Hartwig diz ter trabalhado por dois anos, de 2018 a 2020, para o Facebook. Era moderador de conteúdo contratado como terceirizado. Cuidava de páginas de países latino-americanos por falar inglês e espanhol. Depois, divulgou gravações que alega ter feito, com câmera oculta. No vídeo editado, ex-colegas de escritório aparentam manifestar opiniões contrárias a grupos conservadores.

O fundador do Facebook, Mark Zuckerberg, foi acusado por Hartwig de ter mentido ao Congresso dos Estados Unidos quando disse que a plataforma não censura conteúdo com viés ideológico. Para o ativista, o Facebook é leniente com ataques a Trump e Bolsonaro por meio de publicações de cunho violento.

“Vi muitos exemplos de censura no Facebook e filmei com câmera secreta. Minha evidência mostra o contrário do que Mark Zuckerberg fala. A orientação do Facebook é promover pontos de vista esquerdistas e apagar direitistas, promover ponto de vista a favor do aborto”, afirmou ele, durante entrevista, em Brasília, na sede do Terça Livre.

A empresa nega as acusações. “Nossas políticas de conteúdo se aplicam igualmente a todos, e não censuramos ou promovemos quaisquer correntes políticas”, disse o Facebook ao Estadão.

Ao criticar as remoções de apoiadores do presidente suspeitos de fazer parte de uma rede de ataques e ameaças a ministros do Supremo e de difundir informações falsas ou distorcidas, Hartwig disse que as plataformas estariam “ajudando ditaturas”. “O que a Corte Suprema está pedindo é contra as regras e leis do Brasil. O Facebook não deveria permitir e fazer isso. Deveria seguir as regras, e não censurar os conservadores”, insistiu.

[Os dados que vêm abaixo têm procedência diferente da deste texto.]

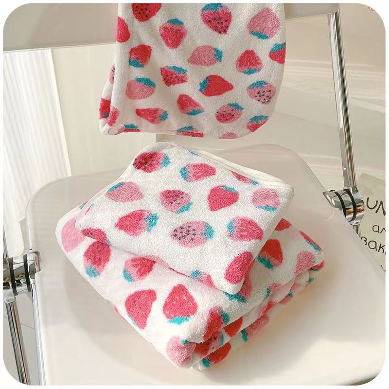 Главная страница > Набор из трех предметов: большое банное полотенце, полотенце для сушки волос, шапочка для сушки волос из кораллового флиса, цвет клубника.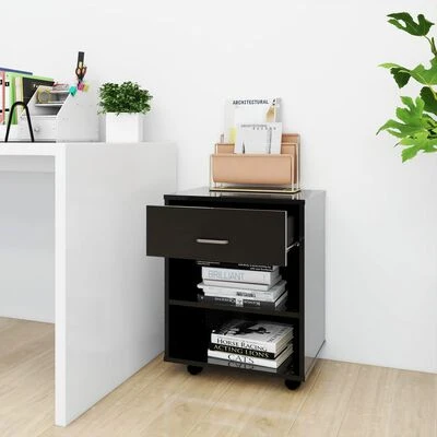 VidaXL Armoire à roulettes Noir brillant 46x36x59 cm Aggloméré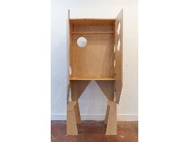 Circle Wardrobe, 2025, Maple Veneered Plywood, Nylon Cord, Oak Rod, 36 x 20 x 84 inches
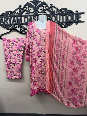 Pink Floral 3-Piece Lawn Suit with Embroidered Neck & Chiffon Dupatta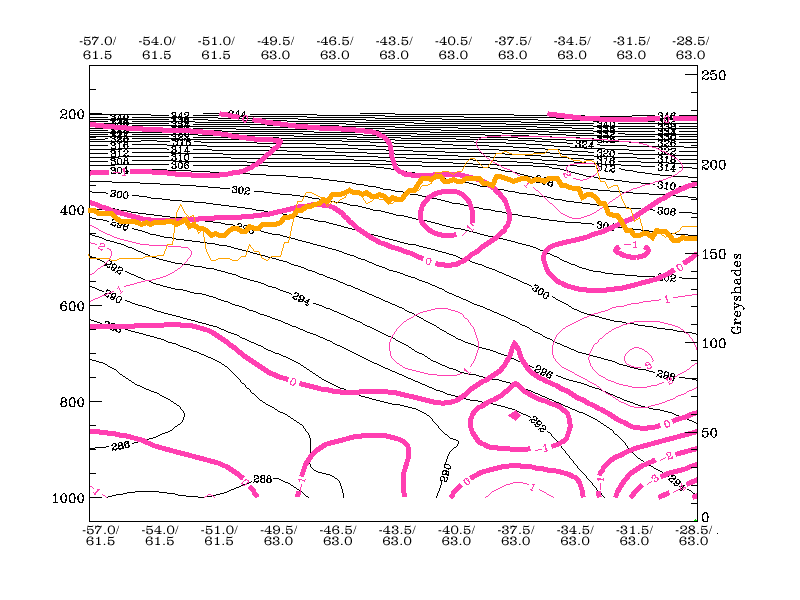 20 December 2008/18.00 UTC - Vertical cross section; black: isentropes (ThetaE), magenta thick: convergence, magenta thin: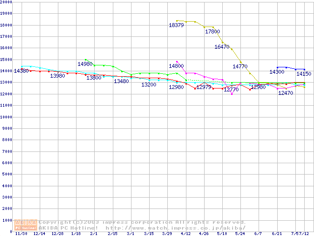 | [↑前グラフ]: | 2.5インチHDD 30GB~40GB未満(9.5mm厚)の最安値推移 |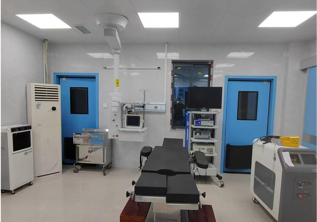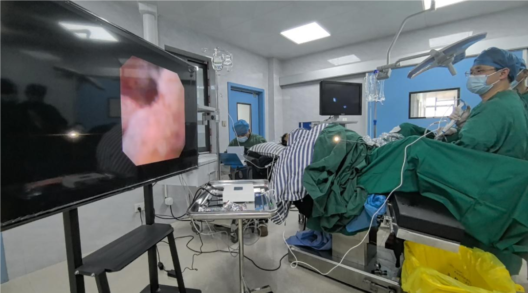 无影灯下,主刀医生、副院长王先义全神贯注地操作着腔镜设备。“结石位置已找到,准备激光碎石。”手术团队配合默契——助手精准递送器械,麻醉师紧盯监护仪数据,护士熟练准备后续物品。手术室里,只听见仪器规律的提示音和医生简短的交流声。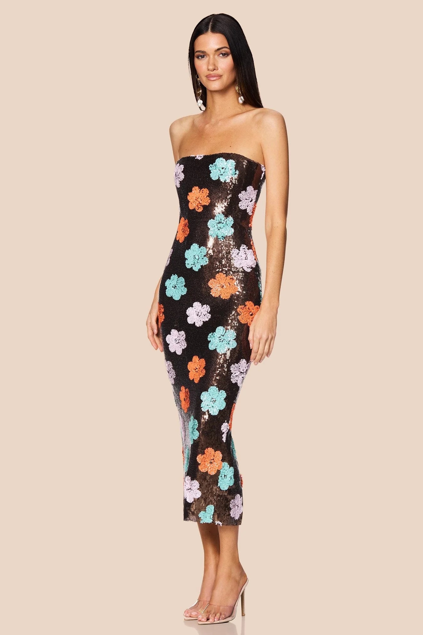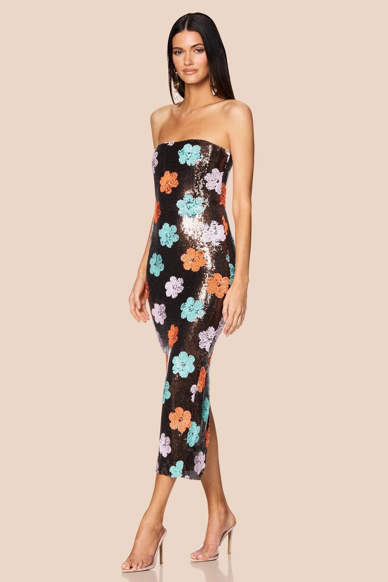 Floral sequin strapless midi dress with structured inner bodice. Crafted in a floral sequin. Invisible zip at back, fully lined.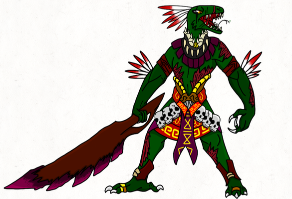 Just by looking at them, you can easily guess that the Furceros are related to the Cyclops. Both are single-eyed reptilian creatures who possess tusks and the ability to change the color of their hide. In fact, certain cultures refer to the Furceros as "Lesser Cyclops," as they are smaller and much less aggressive than the massive Cyclops (do note that the Furceros are not a fan of this name. Being referred to as "lesser" is not something they enjoy). They can also be found in the same areas as the Cyclops, though they tend to highly prefer the tropics and jungles. The key differences between them and the Cyclops are their long, thin legs, prehensile tail and sticky tongue. The long limbs help with climbing trees and thick vegetation, while their tails aid with grappling and also serve as a kickstand! Unlike the Cyclops, whose tongue is reduced and trivial, the Furceros possess a sticky tongue that can reach out almost two feet! While this is not as impressively long as other chameleons, it is meant more for probing cracked exoskeletons and pulling in food past their long tusks. These pointed teeth are good as tools, but they often get in the way for eating, so their long tongue helps fix that!As I mentioned, the Furceros are one of the main sapient denizens of the rainforests and jungles. They place their homes deep in these dense forests, to the point where it is incredibly difficult to locate them unless you have a map or are extremely lost. Due to their preference for the deep jungle, outside cultures are suspicious of them and see them as a secretive and insidious group. Some believe that both they and the Gralatars are the defenders of the ancient ruins and temples hidden within, and that any explorer who vanishes during a quest have most likely been slain by these "beasts." While Gralatars are seen as trap-makers and hunters through trickery, the outside world sees Furceros as deadly assassins. Due to their ability to change the color of their skin, the Furceros are believed to be able to become practically invisible in their jungle home. Tales speak of unseen foes who come from all sides and drag poor souls into the deep brush, never to be seen again. Beings like ghosts that drop from above and then vanish with their victims like smoke. Ask any common person outside the jungle about the Furceros, and they will speak of invisible assassins and vicious specters that defend their forest home. While these stories are indeed spooky and chilling, they are also 100% garbage. It's almost funny how wrong people have it about the Furceros, because if there is one thing the Furceros despise more than anything, it is the idea of blending in.

Ele reclamou, por exemplo, de não poder falar de imigração num conteúdo com lado xenófobo. “Não é permitido falar ‘Fora venezuelanos’”, protestou. Hartwig sugere, ainda, que a rede protegeria o islamismo e permite blasfemar imagens cristãs. Disse ter evidências do que fala, mas não as exibiu. Mostrou apenas exemplos de memes.

Alguns dos novos alvos do ativista são os movimentos antifascistas, os “Antifas”, e o Black Lives Matter (Vidas Negras Importam). No Brasil, incentivou campanha virtual contra o presidente da Ordem dos Advogados do Brasil, Felipe Santa Cruz, um adversário declarado de Bolsonaro, questionou o perfil Sleeping Giants, que tenta expor financiadores de sites governistas com conteúdo falso, e compartilhou o vídeo usado por ministros e pelo vice-presidente Hamilton Mourão para contestar incêndios na Amazônia, mas com imagens de animais da Mata Atlântica.

Para cobrir as despesas do tour conservador com passagens e hospedagem, o advogado Emerson Grigollette, de Presidente Prudente (SP), que faz as vezes de cicerone de Hartwig, promoveu uma “vaquinha virtual” e arrecadou R$ 11,9 mil de um total de R$ 16 mil pretendidos.